OK, on with the show. So after scraping away at movie websites like Box Office Mojo and Metacritic, I learned a valuable lesson: web scraping without a real problem to solve, is like scraping ice off your car when there’s no ice on it. After contemplating topics focused on the Oscars and Studio success or critical acclaim, I decided to focus on something different all together: sports movies. The premise was this, despite recent successes of movies like “Creed” and “Concussion”, the sports genre still remains an underdog in comparison with other more established genres.
Despite what I had scraped, it wasn't focused on sports movies, so it was back to the drawing board. After some searching I found a website, Ultimate Moving Rankings, that maintained a list of the Top 400 sports movies of all time. The advantages of this source was that the data was concise and easy to scrape, it was categorized by sport, and its domestic gross numbers were adjusted for inflation. Among the cons, the overall feature set ended up being limited and some of the features where aggregates that included values from other features, making them difficult to use as independent variables.
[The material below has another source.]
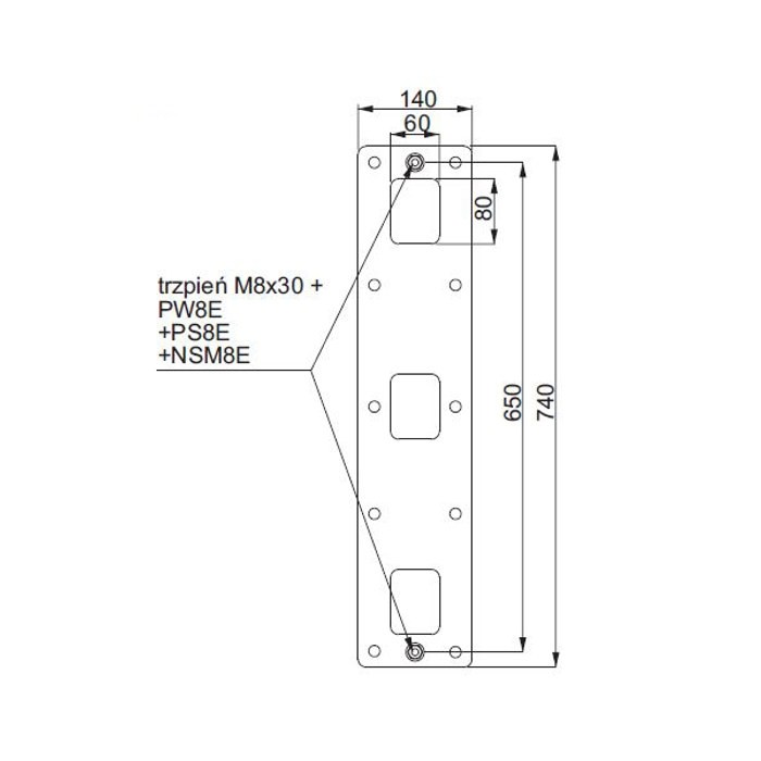 - trzpień gwintowany M8x30 na stałe przytwierdzony do blachy

Nevertheless, there was enough to work with to start my regression analysis. First I looked at the top movies by specific sport. Not surprisingly, boxing, football, and baseball movies outplayed the rest of the field significantly. The complete rankings are shown in the histogram below. Next, I looked at the trends over time, which showed that despite the box office successes of the "Rocky" franchise and occasional blockbusters like "Jerry Maguire" and "The Blind Side", sports movies really aren't that popular. In fact, the peak of their popularity was much early in the data set, during the 1940's and 1950's, when sports themselves weren't as accessible on television or in-person.
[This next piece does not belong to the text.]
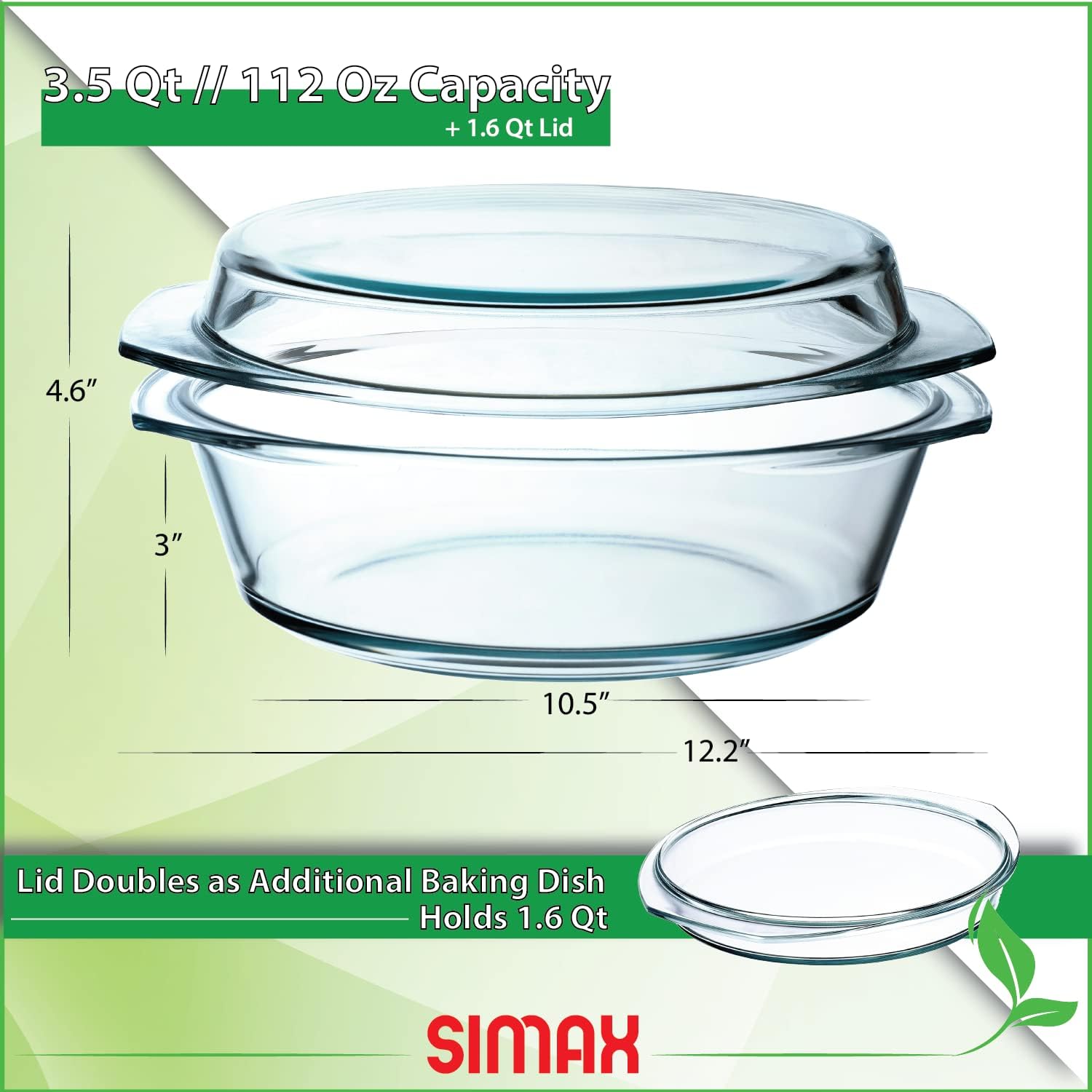 Simax Casserole Dish with Lid, 3.5 Quart Round Glass Casserole Dishes for Oven with Lid and Handles, Baking Dishes for Oven, Covered Bowl for Cooking, Baking, Serving, Microwave, Dishwasher, and Oven Safe Cookware

Finally, I conducted an actual linear regression using critical audience/rating as a predictor for adjusted domestic gross. Despite a low R-squared value, due largely to the outliers (i.e. your Rocky's, and Blind Side's), there was a correlation between the two variables. However, if you look at the slope of the regression graph, it is fairly gradual, affirming that despite critical acclaim, sports movies really don't move the meter that much. Given more time, I would have liked to explore additional features, and compare against similar data for other genres to see how bleek the outlook for sports movies really is. Additionally, as mentioned earlier, gathering data on sports attendance and viewership would also be an interesting relationship to explore. Go figure, in a time when sports are so ubiquitous in our society, sports movies are effectively down for the count.